獣人型殷獣の後ろに立っていたのは、今回の作戦の指揮官であるアドルフ・グスタフだった。
「その姿……獣人型殷獣だな」
「確か、元異種格闘技選手のマフィアかなんかを実験体にしとるんだったか?」
グスタフは、自らのルートで仕入れた情報を思い出している。
「攻撃力に至っては、殷獣の中でも最強クラス……だったよな?」
「鳥型のやつでもかなりの攻撃力があったと報告を受けとるわけだが、それよりも強いとなると、中々に厳しいわな」
「お前、儂の仕入れた情報には“最強の矛”とあったぞ?」
「“最強の盾”と呼ばれておる殷獣もおるらしいな。確か…カタツムリだったか?」
グスタフが話をしている間も、獣人型は微動だにせず彼に正対している。
その様子を見たグスタフは懐から葉巻を取り出すと、煉術の火唱ではなく着火器で火をつけた。
「儂の言葉が通じているかは分からんが、余裕だな。全く動きもせんとは」
「じゃじゃ馬は“最強の盾”の方に行っておるし、丁度いい」
「防御力の高い相手には奴の方が合っている」
グスタフは煙と共に息を吐く。
「攻撃力の高いやつ相手には儂の方がいい」
彼の不気味な笑みには圧倒的な威圧感があった。
それを感じ取ったのか、獣人型殷獣は微かに体を動かした。
「言葉は通じているか分からんが、本能は働いとるようだな」
彼はそう言いながらも倒れるバリス達を観察していた。
息はある。外傷どころか出血などもない。
情報で得ていた人獣型殷獣の攻撃力であれば、風穴一つ空いていたとしても驚きはしない。
だがバリス達は気絶のみ。不可解な行動だった。
「だがまぁ……お前に戦う気があるのかないのか分からんが、儂は様子を見るのが苦手でな」
彼は低く静かな声色で、同調を宣言した。
「AGIS」
~17年前~
「なんだテメェおっさんこの野郎!!」
甲高く響く少女の声。
その日は小雨が降っていた。
その星はどこか品があって、妙に魅力的な場所だった。
星の首領も、星民も、マフィアですらも気品に溢れていた。
その星で粗暴な言動や行動をするものは皆無だった。
当時まだ十闘士の長ではなかったアドルフ・グスタフは、新たな人員を探しにこの星に来ていた。
十闘士、政府直轄治安維持機関。
力を認められた者10名が加入を許される戦闘集団。
新たに強者が見つかれば、序列最下位の者と戦い、その地位の入れ替えを決める。
元々は銀河の荒れくれ者たちを政府の監視下に置くための制度。
元来気品など持ち合わせてはいない。
アドルフ・グスタフもその一人。自星で暴れ回っていたところ13歳のとき、十闘士にスカウトされ加入し、それから十闘士の地位を守り続けてきた。
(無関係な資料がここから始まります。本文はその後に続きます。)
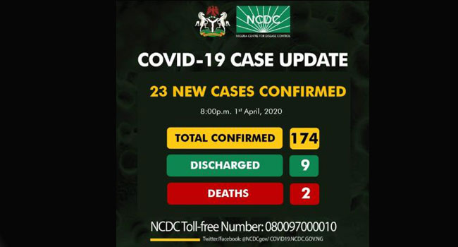 As at 08:00 pm 1st April there are 174 confirmed cases of #COVID19 reported in Nigeria. Nine have been discharged with two deaths pic.twitter.com/Wy9MzX1lsr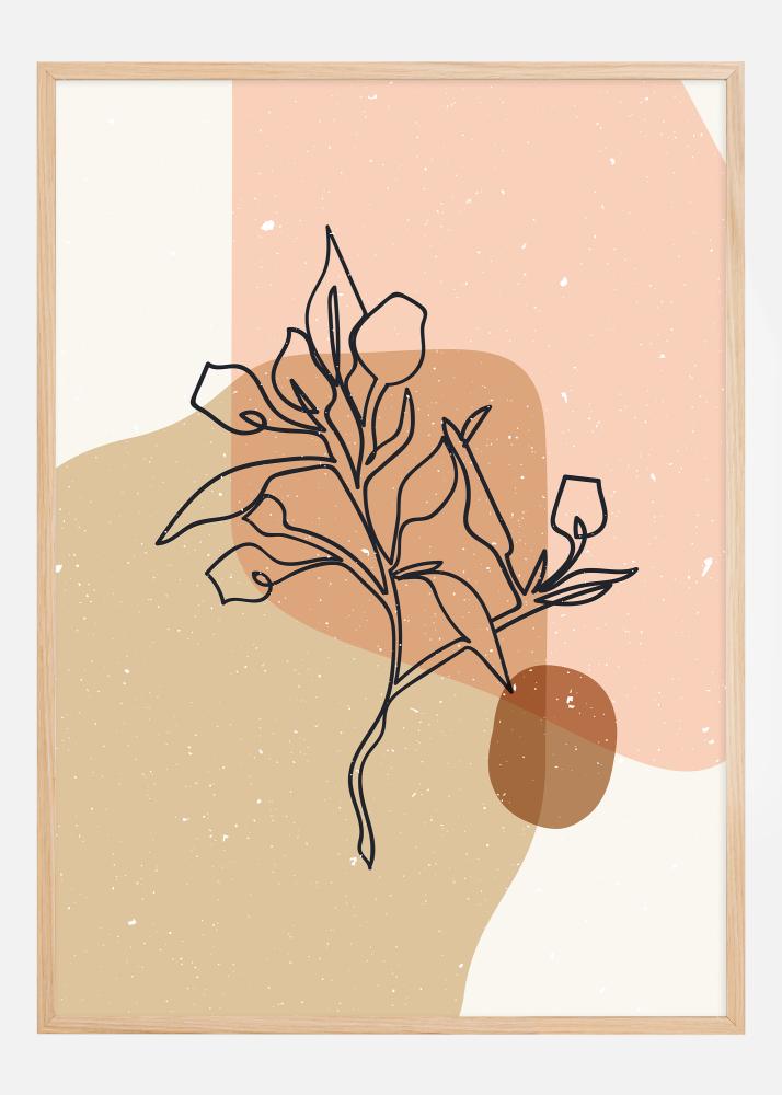 Această poster elegant și minimalist de o ramură de plantă abstractă aduce o paletă de culori liniștitoare care oferă imediat o impresie sofisticată și relaxată. Lucrarea de artă combină forme și linii organice într-o serie de forme suprapuse, ceea ce creează un sentiment de adâncime și complexitate, în ciuda designului său aparent simplu.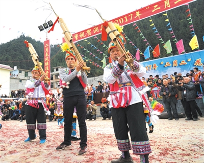 2月27日,农历二月初二,位于桂黔边界的广西融水苗族自治县洞头镇,来自桂黔各地的苗、侗等各族群众欢聚一堂,通过抢花炮、芦笙歌舞、舞狮、演“鸭变”等丰富多彩的民俗活动,欢庆一年一度的花炮节到来。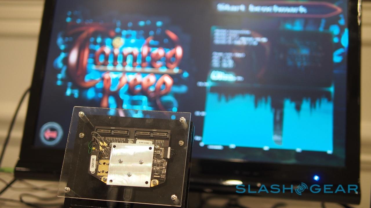 NVIDIA's reference board is as you'd expect: a postcard-sized slab with the basics to get manufacturers going. For the benchmark demonstration, the engineers had bolted a heatsink to it to replicate the sort of cooling prowess an average tablet would have.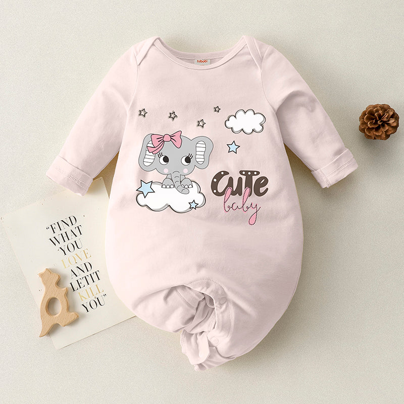 Baby Solid Elephant Print Long Sleeve Cotton Jumpsuit Wholesale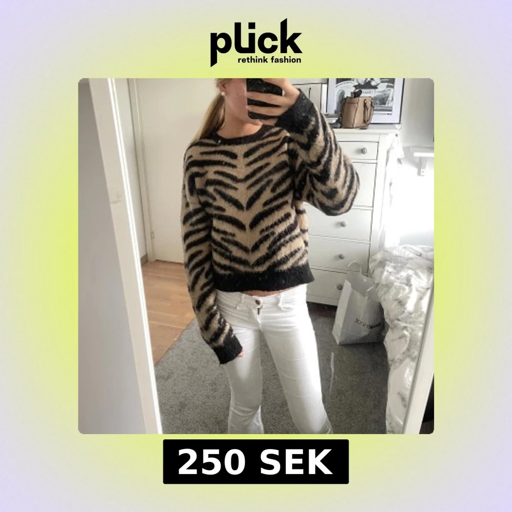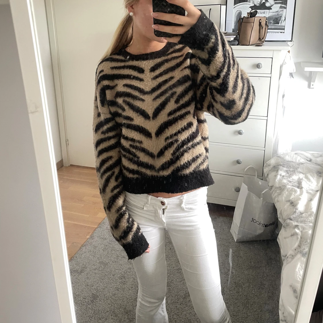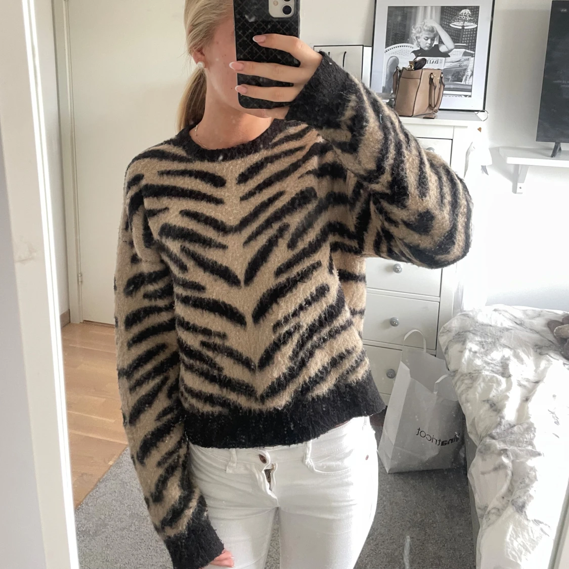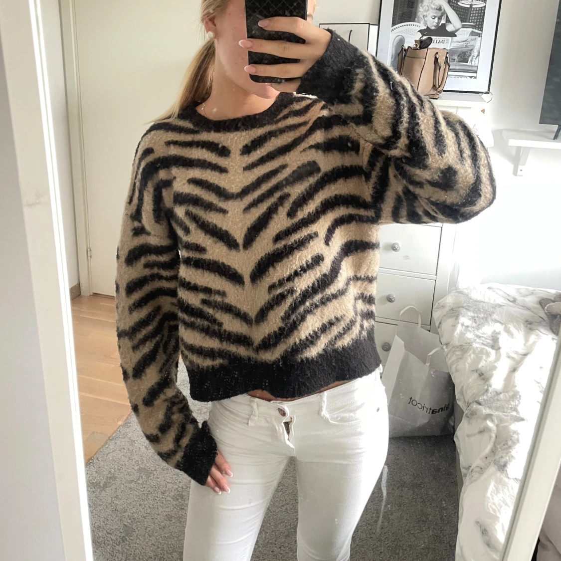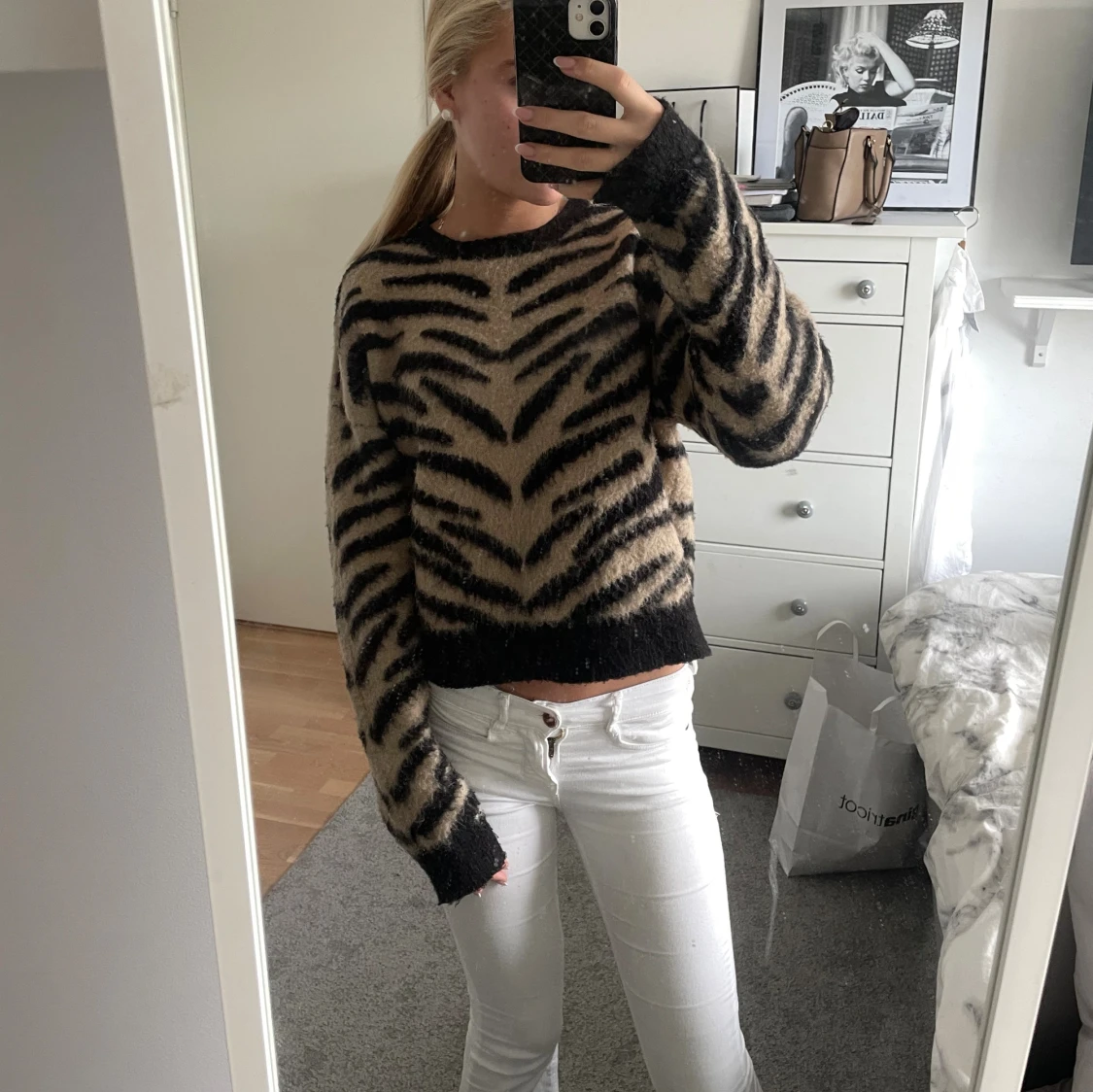 Säljer en fluffig stickad tröja i beige med svart zebramönster. Tröjan har rund hals, långa ärmar och en lite loose passform. Perfekt för dig som vill sticka ut med ett djurmönster och ändå hålla det mysigt.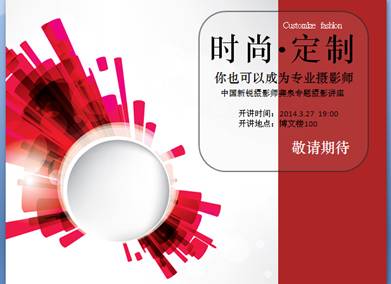 工业设计系主办,教务办承办的一场《时尚。定制》的摄影讲座,将在本周四(3月27)晚上7:00在博文楼100报告厅隆重举行,欢迎各位老师参加。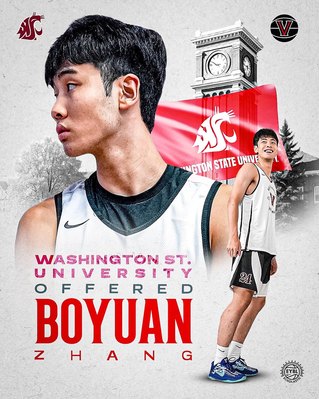 张博源收到华盛顿州立大学offer,为其收到的第四份NCAA D1高校offer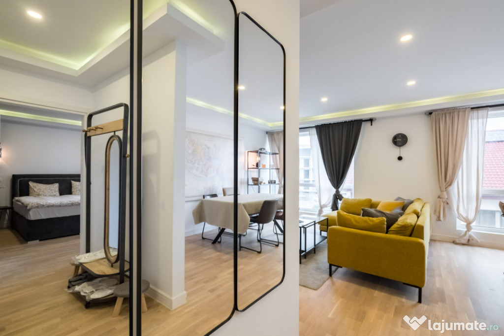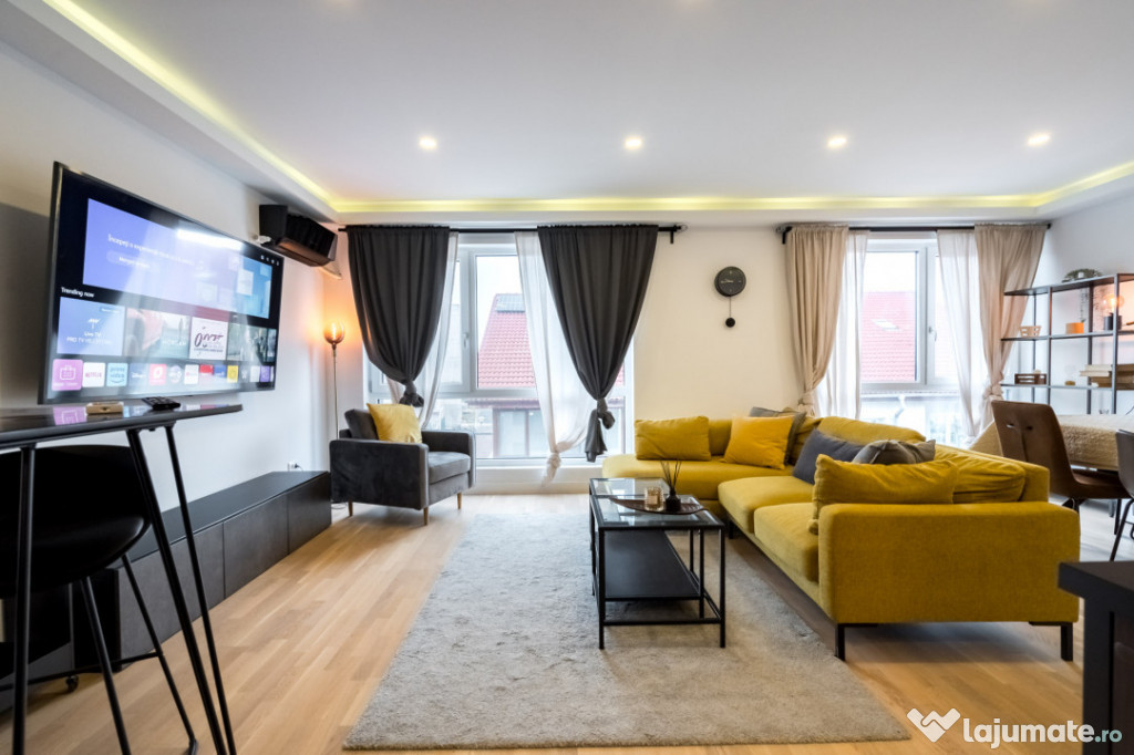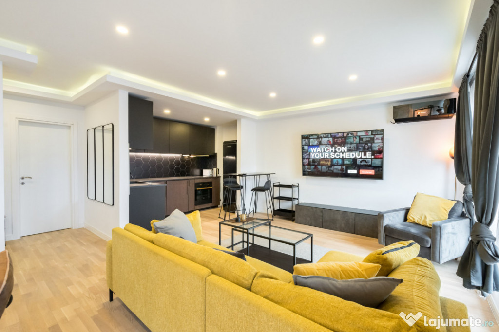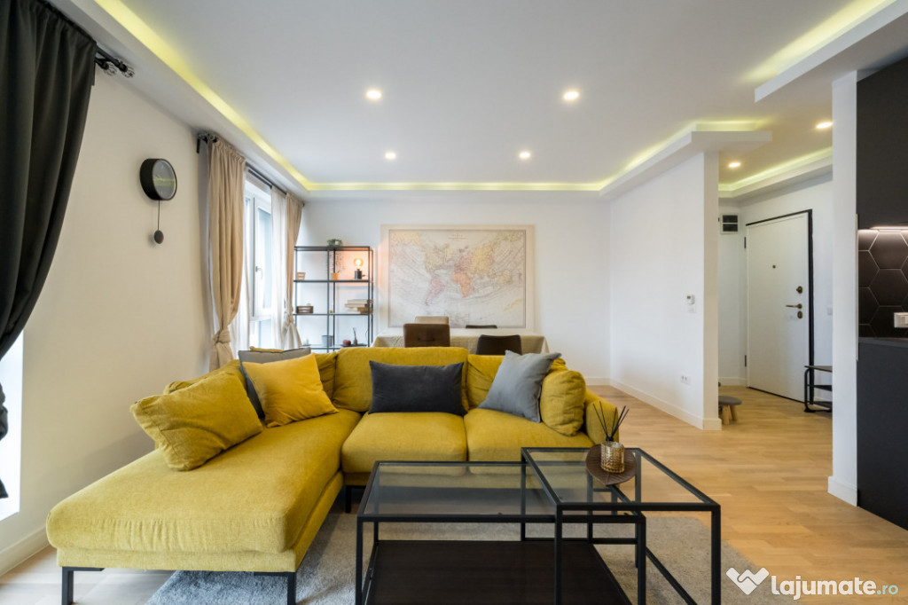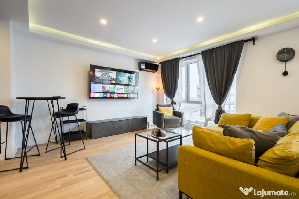 Te întâmpină o atmosferă rafinată încă de la intrare în acest apartament de două camere, situat într-un bloc rezidențial elegant din zona de prestigiu Pipera. Imediat ce pășești în hol, ești întâmpinat de o atmosferă caldă și primitoare, datorită iluminatului ambiental subtil și a paletelor de culori delicate, atent selectate de către designerul interior.Living-ul este spațios și luminos, decorat cu mobilier modern și confortabil, care adaugă o notă de eleganță în fiecare colț. O canapea generoasă, tapițată cu un material textil moale , aducând un strop de personalitate în încăpere. Alături, o masă de cafea ,completează zona de relaxare, oferind un spațiu perfect pentru conversații relaxante sau pentru a savura o ceașcă de cafea în liniște.

彼は入隊してから何度かスカウトに赴いたが、一人として彼を納得させる者はいなかった。
彼女ただ一人を除いては。
「そう喚くな。お前がアイリス・ローンだな?」
「だったらなんだ!? ぶちのめされてぇか!?」
特徴的なピンク色の髪。想像していたよりも小柄な少女だった。
政府より提供のあった情報。
戯星という星に荒れくれ者がいる。
なんでも複数マフィアを一人で壊滅させたほどの者。
それがなんと少女だと言うのだからグスタフも驚いた。
そしてさらに驚くこととなったのが、その少女はあの有名なローン家の長女だというのだ。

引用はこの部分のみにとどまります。